- WHAT THE TASK REQUIRES:
From the records below, determine the number of lines containing "with". Output that number alone.

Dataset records
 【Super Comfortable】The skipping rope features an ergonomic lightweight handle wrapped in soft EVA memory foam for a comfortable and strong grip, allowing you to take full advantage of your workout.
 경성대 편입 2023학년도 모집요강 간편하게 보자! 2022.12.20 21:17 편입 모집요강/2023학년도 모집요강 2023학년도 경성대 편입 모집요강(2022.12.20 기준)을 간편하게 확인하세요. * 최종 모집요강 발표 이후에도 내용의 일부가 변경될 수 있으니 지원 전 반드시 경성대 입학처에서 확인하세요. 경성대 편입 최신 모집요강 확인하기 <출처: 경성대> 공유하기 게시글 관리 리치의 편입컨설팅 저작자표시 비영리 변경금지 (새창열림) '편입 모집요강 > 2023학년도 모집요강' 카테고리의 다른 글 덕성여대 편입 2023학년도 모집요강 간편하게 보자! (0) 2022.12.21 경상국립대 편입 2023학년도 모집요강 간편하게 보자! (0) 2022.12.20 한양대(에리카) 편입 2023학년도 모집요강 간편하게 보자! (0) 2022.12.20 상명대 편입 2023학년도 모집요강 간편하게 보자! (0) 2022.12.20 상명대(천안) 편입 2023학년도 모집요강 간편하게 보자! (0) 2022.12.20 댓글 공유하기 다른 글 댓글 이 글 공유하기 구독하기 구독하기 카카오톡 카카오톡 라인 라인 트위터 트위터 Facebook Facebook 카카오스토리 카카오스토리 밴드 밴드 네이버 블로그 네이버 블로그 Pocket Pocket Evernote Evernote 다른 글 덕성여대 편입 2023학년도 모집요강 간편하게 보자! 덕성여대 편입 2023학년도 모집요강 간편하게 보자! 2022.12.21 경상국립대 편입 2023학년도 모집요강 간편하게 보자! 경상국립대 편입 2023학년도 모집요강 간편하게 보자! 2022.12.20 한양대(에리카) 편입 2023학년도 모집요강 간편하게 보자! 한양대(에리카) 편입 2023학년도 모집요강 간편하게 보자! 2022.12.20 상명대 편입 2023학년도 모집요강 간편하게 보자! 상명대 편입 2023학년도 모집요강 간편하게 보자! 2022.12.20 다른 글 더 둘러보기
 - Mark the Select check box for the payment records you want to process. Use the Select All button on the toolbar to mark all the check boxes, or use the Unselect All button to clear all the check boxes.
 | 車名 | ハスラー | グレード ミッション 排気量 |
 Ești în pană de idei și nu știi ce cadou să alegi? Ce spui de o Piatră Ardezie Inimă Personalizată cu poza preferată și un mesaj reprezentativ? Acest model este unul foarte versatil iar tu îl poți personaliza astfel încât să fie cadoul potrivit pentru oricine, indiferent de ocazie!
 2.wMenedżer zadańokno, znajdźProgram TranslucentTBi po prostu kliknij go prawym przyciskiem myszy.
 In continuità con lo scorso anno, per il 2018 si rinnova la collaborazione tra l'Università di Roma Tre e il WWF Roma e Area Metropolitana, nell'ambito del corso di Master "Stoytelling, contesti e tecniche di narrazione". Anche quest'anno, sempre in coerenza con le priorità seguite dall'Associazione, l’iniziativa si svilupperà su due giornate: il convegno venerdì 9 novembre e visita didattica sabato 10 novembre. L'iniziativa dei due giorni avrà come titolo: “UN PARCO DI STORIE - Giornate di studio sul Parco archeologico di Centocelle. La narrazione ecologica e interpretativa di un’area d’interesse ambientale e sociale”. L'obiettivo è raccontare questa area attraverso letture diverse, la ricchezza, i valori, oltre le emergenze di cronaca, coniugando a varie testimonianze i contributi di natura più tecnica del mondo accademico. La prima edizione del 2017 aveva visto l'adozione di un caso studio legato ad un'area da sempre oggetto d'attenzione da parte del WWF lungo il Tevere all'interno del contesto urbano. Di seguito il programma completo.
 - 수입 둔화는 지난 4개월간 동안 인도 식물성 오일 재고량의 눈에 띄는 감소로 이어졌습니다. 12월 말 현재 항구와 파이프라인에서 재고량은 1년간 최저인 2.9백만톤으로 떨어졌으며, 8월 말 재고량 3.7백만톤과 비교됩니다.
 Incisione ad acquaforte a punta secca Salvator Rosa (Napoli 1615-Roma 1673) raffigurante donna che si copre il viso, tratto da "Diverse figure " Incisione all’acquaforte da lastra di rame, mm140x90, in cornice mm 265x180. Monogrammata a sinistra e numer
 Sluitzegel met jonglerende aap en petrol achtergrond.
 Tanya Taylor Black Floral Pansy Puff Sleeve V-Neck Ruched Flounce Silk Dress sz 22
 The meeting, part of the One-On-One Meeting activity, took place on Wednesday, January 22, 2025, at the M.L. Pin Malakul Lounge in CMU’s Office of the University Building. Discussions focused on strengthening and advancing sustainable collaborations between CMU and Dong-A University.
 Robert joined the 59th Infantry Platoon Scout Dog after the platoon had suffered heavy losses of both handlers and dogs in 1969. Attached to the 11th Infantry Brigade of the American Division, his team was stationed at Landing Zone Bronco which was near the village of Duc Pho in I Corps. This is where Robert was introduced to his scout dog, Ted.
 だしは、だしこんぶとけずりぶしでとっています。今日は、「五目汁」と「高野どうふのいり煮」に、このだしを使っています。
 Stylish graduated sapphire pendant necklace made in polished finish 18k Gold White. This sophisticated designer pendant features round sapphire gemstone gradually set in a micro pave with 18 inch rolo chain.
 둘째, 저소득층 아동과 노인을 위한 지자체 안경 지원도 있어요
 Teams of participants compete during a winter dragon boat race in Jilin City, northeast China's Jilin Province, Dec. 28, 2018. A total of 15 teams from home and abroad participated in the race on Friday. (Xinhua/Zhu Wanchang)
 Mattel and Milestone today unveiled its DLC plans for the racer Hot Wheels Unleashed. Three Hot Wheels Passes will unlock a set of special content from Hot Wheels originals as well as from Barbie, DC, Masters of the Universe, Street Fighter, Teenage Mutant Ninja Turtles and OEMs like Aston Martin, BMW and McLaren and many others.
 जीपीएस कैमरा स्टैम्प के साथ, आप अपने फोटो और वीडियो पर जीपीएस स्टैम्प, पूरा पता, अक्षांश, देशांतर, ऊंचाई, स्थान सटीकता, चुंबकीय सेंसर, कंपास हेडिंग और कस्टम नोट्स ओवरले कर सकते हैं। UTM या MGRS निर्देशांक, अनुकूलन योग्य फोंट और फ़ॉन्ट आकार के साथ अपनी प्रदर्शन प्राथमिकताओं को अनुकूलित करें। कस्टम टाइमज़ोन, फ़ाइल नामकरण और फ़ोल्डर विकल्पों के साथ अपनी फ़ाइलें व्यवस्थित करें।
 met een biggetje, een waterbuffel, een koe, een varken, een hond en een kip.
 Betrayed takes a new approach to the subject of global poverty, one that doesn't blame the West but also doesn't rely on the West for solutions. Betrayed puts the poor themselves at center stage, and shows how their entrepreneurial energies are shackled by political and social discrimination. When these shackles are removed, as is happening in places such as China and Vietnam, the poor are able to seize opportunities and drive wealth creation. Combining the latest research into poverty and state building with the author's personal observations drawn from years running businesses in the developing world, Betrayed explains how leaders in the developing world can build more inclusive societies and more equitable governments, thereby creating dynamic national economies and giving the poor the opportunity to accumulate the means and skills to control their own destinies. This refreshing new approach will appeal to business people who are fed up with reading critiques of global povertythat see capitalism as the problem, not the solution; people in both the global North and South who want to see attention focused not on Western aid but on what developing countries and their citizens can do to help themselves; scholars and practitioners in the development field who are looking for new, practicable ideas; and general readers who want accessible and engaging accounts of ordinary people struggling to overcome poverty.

- RESPONSE TO THE TASK:
2